One of the pernicious difficulties we encountered developing the physics toolkit was how different components should communicate. The trouble is that the physics toolkit is entirely customizable, so it’s possible to have infinite possible data combinations. Thankfully, ECS provides an exceedingly simple way of syncing data between systems.

Conduit

We call this protocol Conduit. You can send data as a tuple of the entity id, component id, and value, like so:

(EntityId(1), ComponentId("pos"), Vector3(1,1,3))

This might not seem impressive at first blush, but it offers some really nice benefits. Say the control software wants to update the simulated motor rpm; all it would have to do is send the following msg to the simulation software.

(EntityId(2), ComponentId("motor_rpm"), 2.0)
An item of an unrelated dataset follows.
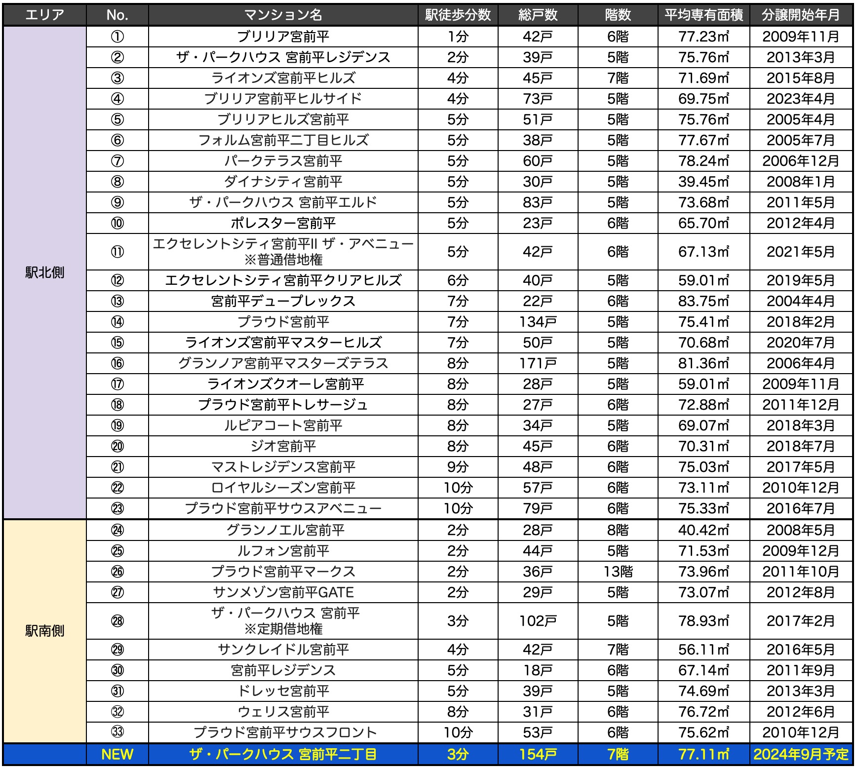 駅近物件は多い一方で、総戸数100戸を越えるのは3物件のみとなり、大規模マンションが少ないエリアです。駅徒歩5分圏内かつ総戸数100戸以上の条件を満たすマンションは、駅南側のザ・パークハウス宮前平(定期借地権)だけとなります。北側エリアにおいては該当する供給実績がなく、駅近×大規模の条件を満たす用地取得のハードルの高さがうかがえます。

The simulation software can also send out sensor output this same way.

(EntityId(3), ComponentId("accelerometer_reading"), Vector3(0.0, -8.0, 0.0))
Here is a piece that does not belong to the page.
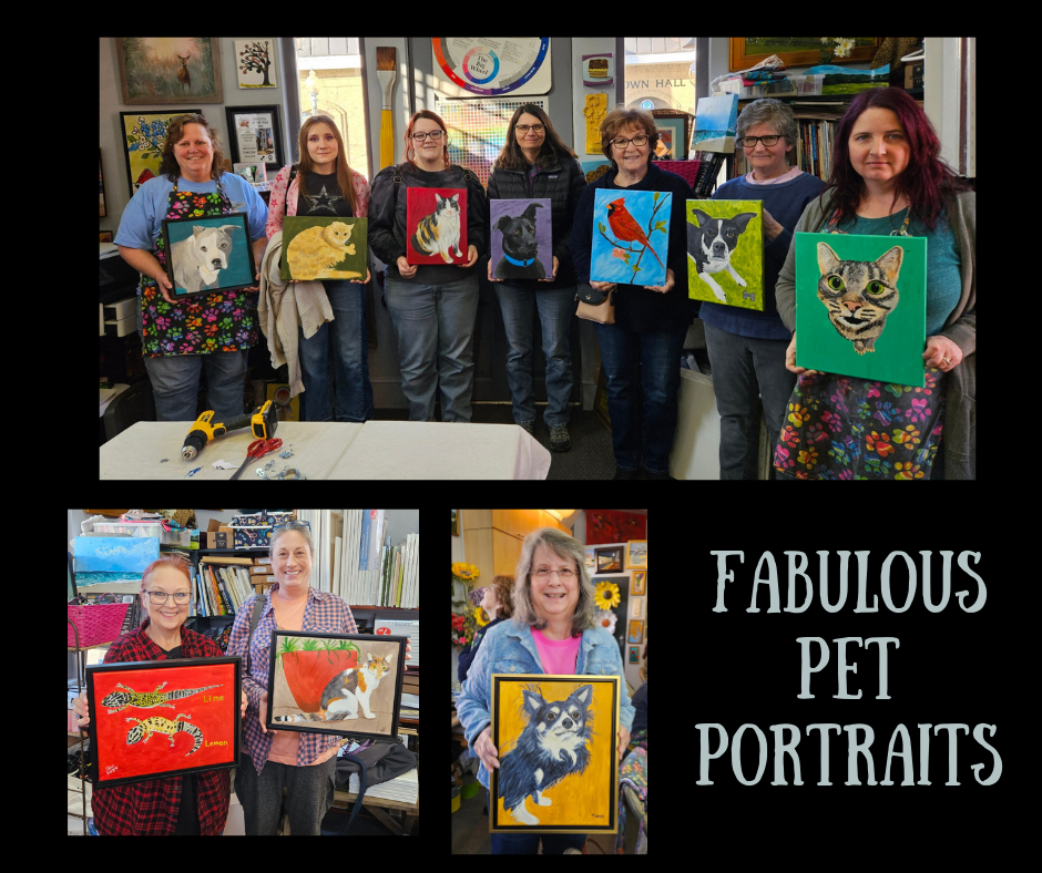 This terrific group of painters did a fine job painting their pets today at The Studio. Very well done!!! Our next Pet Portrait session will be in January. Watch for the date coming soon. And remember that Gift Certificates are available. They make terrific gifts for the holidays. Contact kwalker@kellywalkerstudios.com to get one (or more) today.
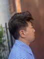 大人男性のカジュアルなスタイル。サイドバックは刈り過ぎない刈り上げ、トップは長めにレイヤーを入れ、スライドカットで毛流れを作り、前髪はあえて少し前下がりにカットして作り、下ろしても分けてもいい感じのスタイルです。

This is nice because it means reacting to new inputs and producing outputs that work with the same systems that we use for the core simulation above.
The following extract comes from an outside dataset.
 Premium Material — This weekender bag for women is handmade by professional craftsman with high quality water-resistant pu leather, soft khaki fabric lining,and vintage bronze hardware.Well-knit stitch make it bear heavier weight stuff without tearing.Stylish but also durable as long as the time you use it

We use Conduit to record the entire state of the system. We create a recorder service that subscribes to all components and entities from the simulation and control software. Every time it receives a message, it adds it to a table. Then, you can use that data to query the entire state of the system at any time. This allows users to specify failure and success conditions with ease; simply write a statement like

assert(entity[3].pos == vector3(1.0, 0.0, 0.0))

We can also use that data to provide real-time visualization of the simulation, graphs, and other analytics about the output. And since this is just a generic data exchange protocol, it also works for generic telemetry out of your software. Store and analyze anything you want: memory usage, performance stats, internal metrics about your Kalman filter; it doesn’t matter.